GIVEN INFORMATION ▸

******

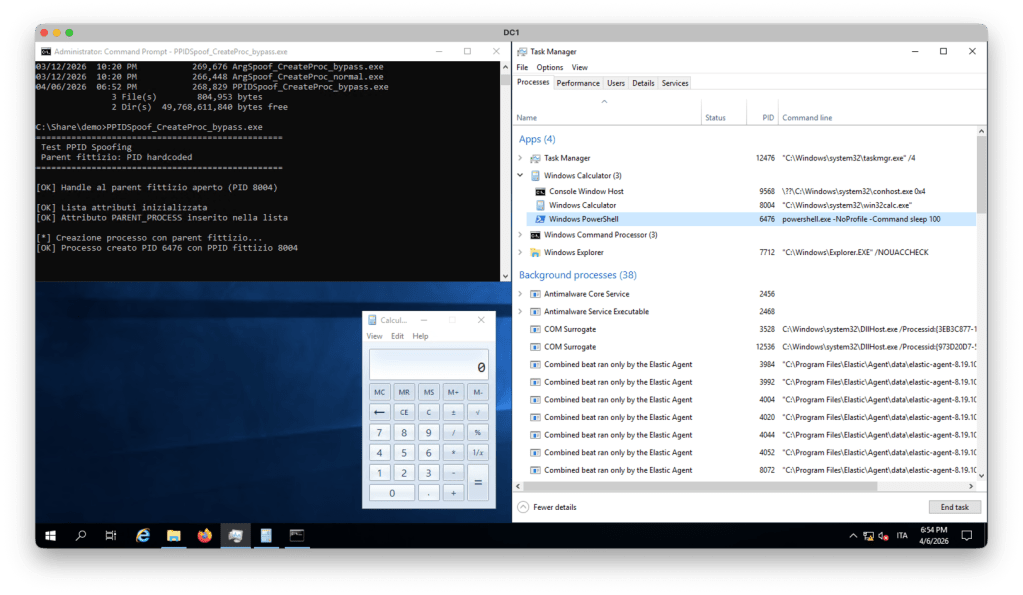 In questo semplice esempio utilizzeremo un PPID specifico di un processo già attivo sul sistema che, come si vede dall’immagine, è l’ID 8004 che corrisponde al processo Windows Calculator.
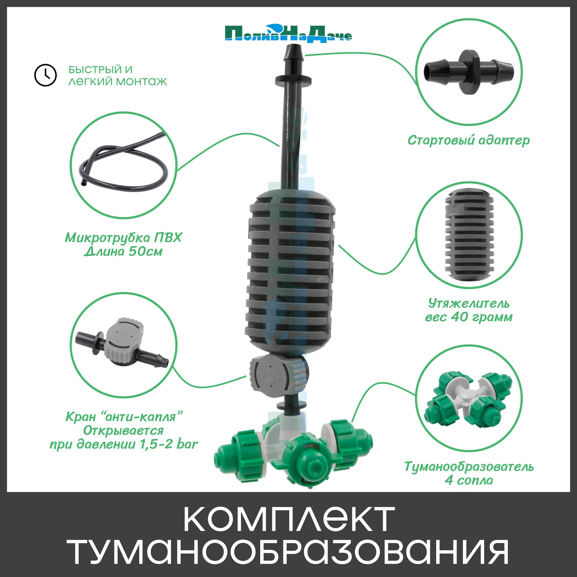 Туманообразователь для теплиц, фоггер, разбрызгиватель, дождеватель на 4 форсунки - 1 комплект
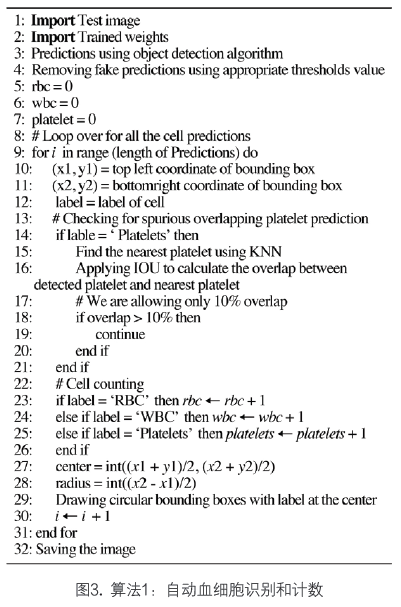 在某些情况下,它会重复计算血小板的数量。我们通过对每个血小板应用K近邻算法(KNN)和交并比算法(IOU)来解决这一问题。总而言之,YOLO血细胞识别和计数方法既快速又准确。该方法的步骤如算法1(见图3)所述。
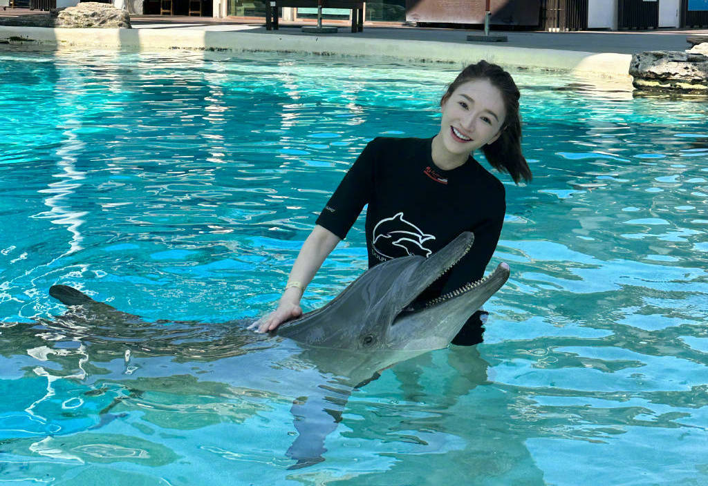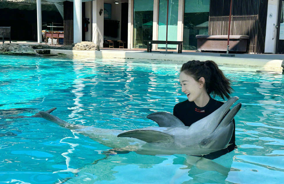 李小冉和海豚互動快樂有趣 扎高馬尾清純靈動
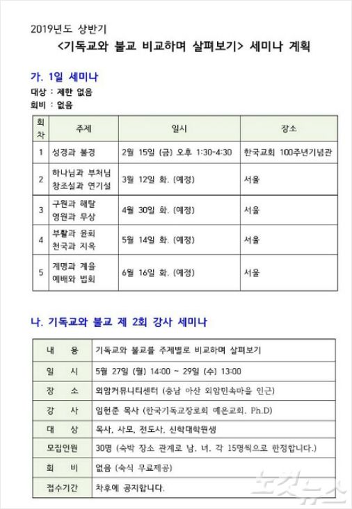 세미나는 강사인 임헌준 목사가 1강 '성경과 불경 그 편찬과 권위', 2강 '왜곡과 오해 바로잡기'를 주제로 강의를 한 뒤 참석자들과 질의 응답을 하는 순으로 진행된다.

******

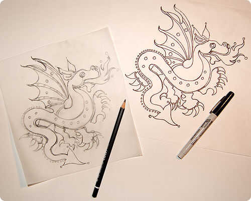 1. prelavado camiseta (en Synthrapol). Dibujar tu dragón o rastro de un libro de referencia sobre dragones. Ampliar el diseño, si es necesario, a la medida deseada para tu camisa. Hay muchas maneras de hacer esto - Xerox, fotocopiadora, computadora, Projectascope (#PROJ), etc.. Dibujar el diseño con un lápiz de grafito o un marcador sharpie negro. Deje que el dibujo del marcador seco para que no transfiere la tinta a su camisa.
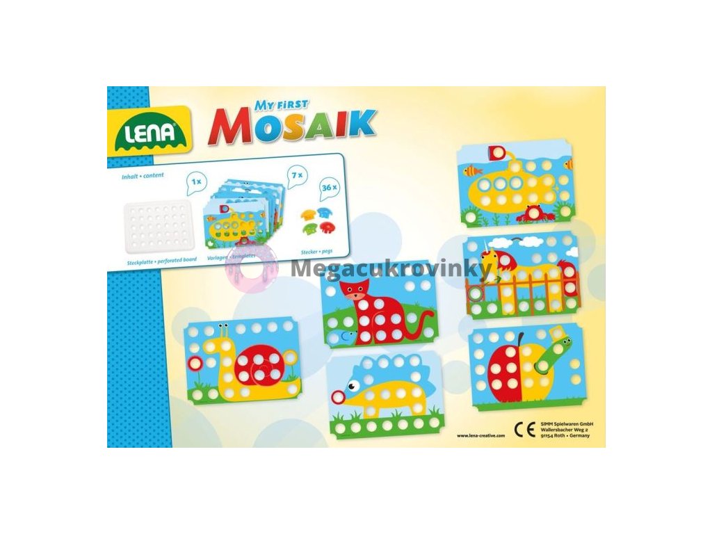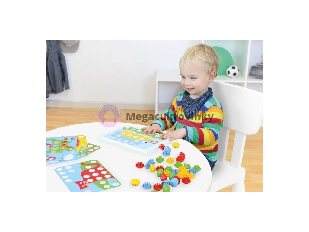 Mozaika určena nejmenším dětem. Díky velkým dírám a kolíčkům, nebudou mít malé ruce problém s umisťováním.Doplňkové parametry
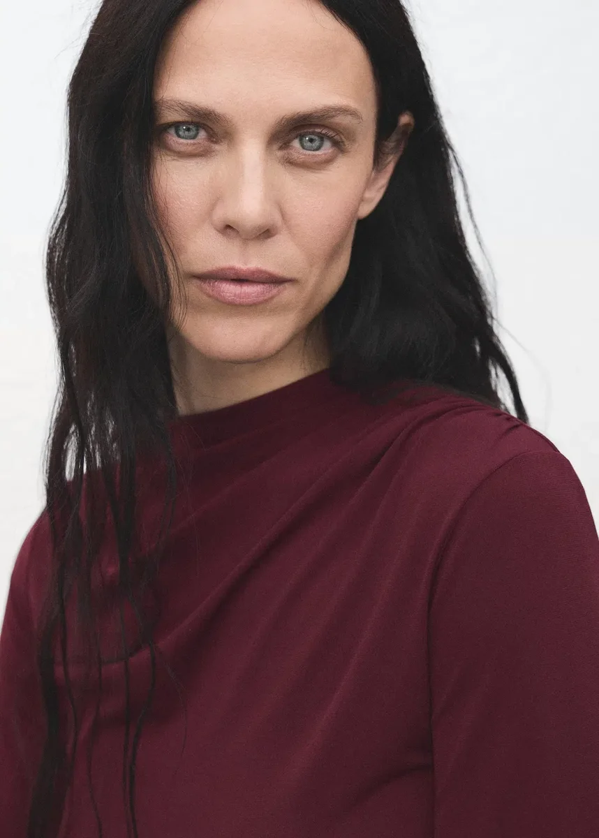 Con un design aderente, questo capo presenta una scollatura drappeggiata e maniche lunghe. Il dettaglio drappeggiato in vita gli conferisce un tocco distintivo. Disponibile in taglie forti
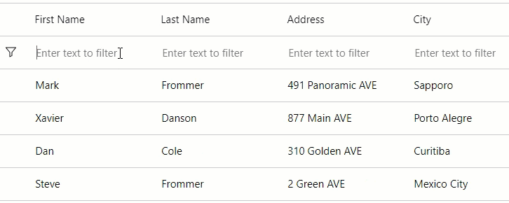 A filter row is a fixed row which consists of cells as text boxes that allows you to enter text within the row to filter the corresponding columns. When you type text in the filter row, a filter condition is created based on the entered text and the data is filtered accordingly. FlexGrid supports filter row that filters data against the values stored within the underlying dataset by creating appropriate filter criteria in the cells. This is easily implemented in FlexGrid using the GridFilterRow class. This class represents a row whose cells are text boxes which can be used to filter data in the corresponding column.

******

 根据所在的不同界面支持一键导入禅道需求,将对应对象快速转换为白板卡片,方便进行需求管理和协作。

******

Copy only what runs above from the line containing "在某些情况下,它会重复计算血" through the line containing "세미나는 강사인 임헌준", exactly. Leave out the pictures.

RESPONSE FOR THIS EXERCISE ▸
 在某些情况下,它会重复计算血小板的数量。我们通过对每个血小板应用K近邻算法(KNN)和交并比算法(IOU)来解决这一问题。总而言之,YOLO血细胞识别和计数方法既快速又准确。该方法的步骤如算法1(见图3)所述。
 李小冉和海豚互動快樂有趣 扎高馬尾清純靈動
 세미나는 강사인 임헌준 목사가 1강 '성경과 불경 그 편찬과 권위', 2강 '왜곡과 오해 바로잡기'를 주제로 강의를 한 뒤 참석자들과 질의 응답을 하는 순으로 진행된다.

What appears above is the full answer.